The village wid be ideal for shooting a multimillion dollar blockbuster. There’s a barren majesty tae wir unspoilt, windswept scenery. Nae smartphone publicity shots would iver get oot, thanks tae oor mobile black-spot. Nae crowds of curious onlookers, nae paparazzi, or telegraph poles. Or trees. And the big destructive fight scene at the end can be verra economically staged in the village square, far maist buildings are aboot tae collapse onywye. Plus, there’s ample accommodation fer Samuel L. Jackson’s entourage in auld Muggie Grant’s B&B on the high street. Feel Moira is affa keen tae tell Mr Jackson aboot a script she’s written aboot snakes terrorising fowk in Old Rayne. Noo, If only she could come up wi’ a title.

Cheerio!

Cava Kenny Cordiner, the football pundit who goes in feet first

Confidence is a sensual ingredient of being a top sportsman, like what I was. But sometimes there is a fine line between confidence and angoras. Take curly-haired golf maestro Rory Mcilroy, for instance. He was on the news this week saying that he is ruling himself out of the Tokyo Olympics in 2020. I think he’s bolting the cart after the horse is in front of stable door, there. He might be good at golf, but I can’t seem him sailing past Mo Farrah on the home straight!

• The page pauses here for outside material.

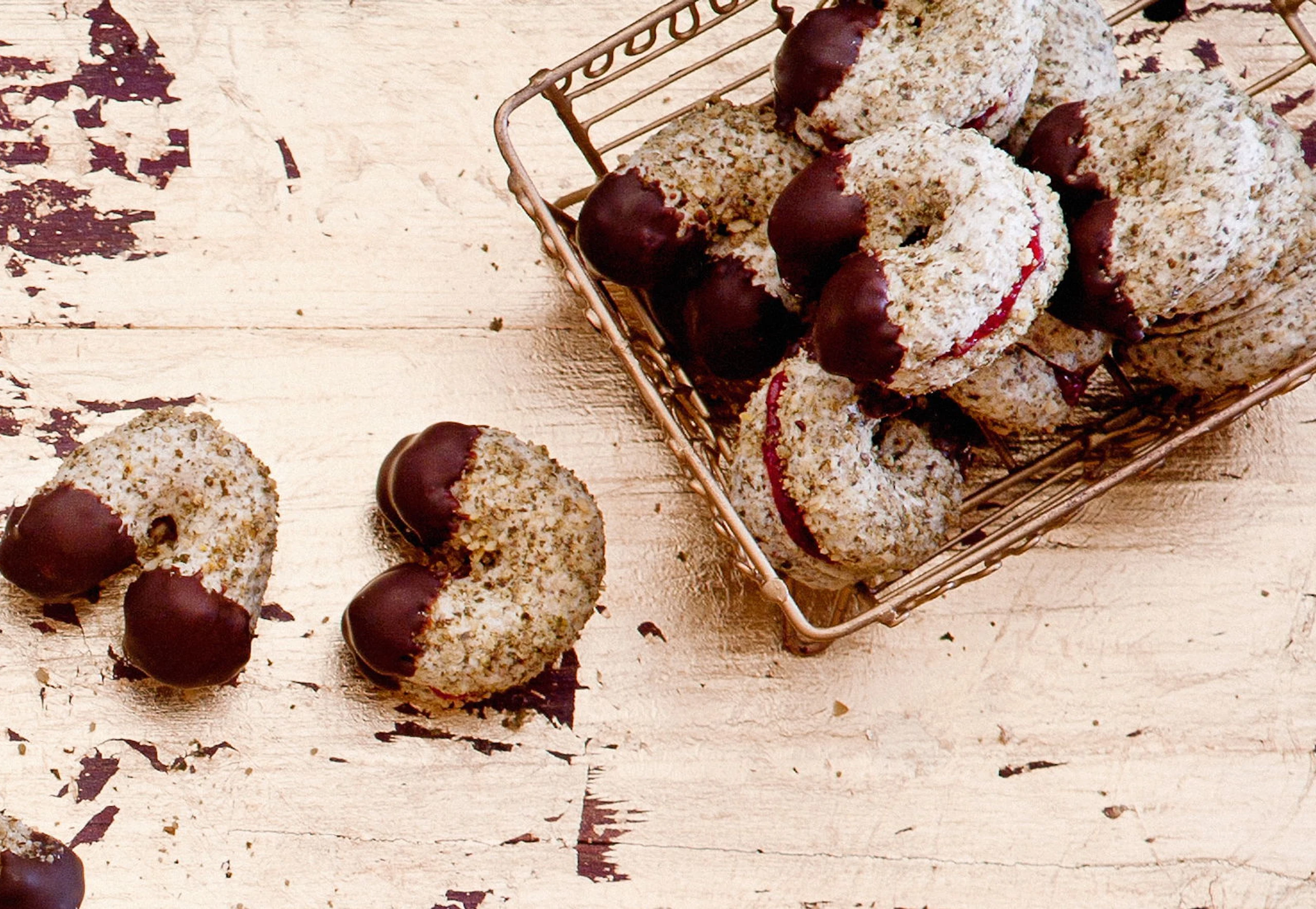 Kipferln aus dem Rohr nehmen, mitsamt dem Papier vom Backblech ziehen und auskühlen lassen. Je 2 Kipferln mit Marmelade zusammensetzen und in Schokolade tunken.

Mind you, it does spare the selectors a headache when the time comes. I don’t know if my old pal Gordon Strachan reads my column, but if you does, and if we somehow manage to qualify for the 2018 World Cup, and if somehow you’re still the gaffer, I’m ruling myself out. My knees aren’t up to it, Gogsy, so it’s only fair I let you know.

Speaking of the World Cup, I seen that Fifa has voted to expand it to 48 teams. A lot of folks is saying that this is just total exploitation – a shameless attempt to make money, and I have to say, I agrees. It’s going to cost a fortune to get all that stickers for my Panini album.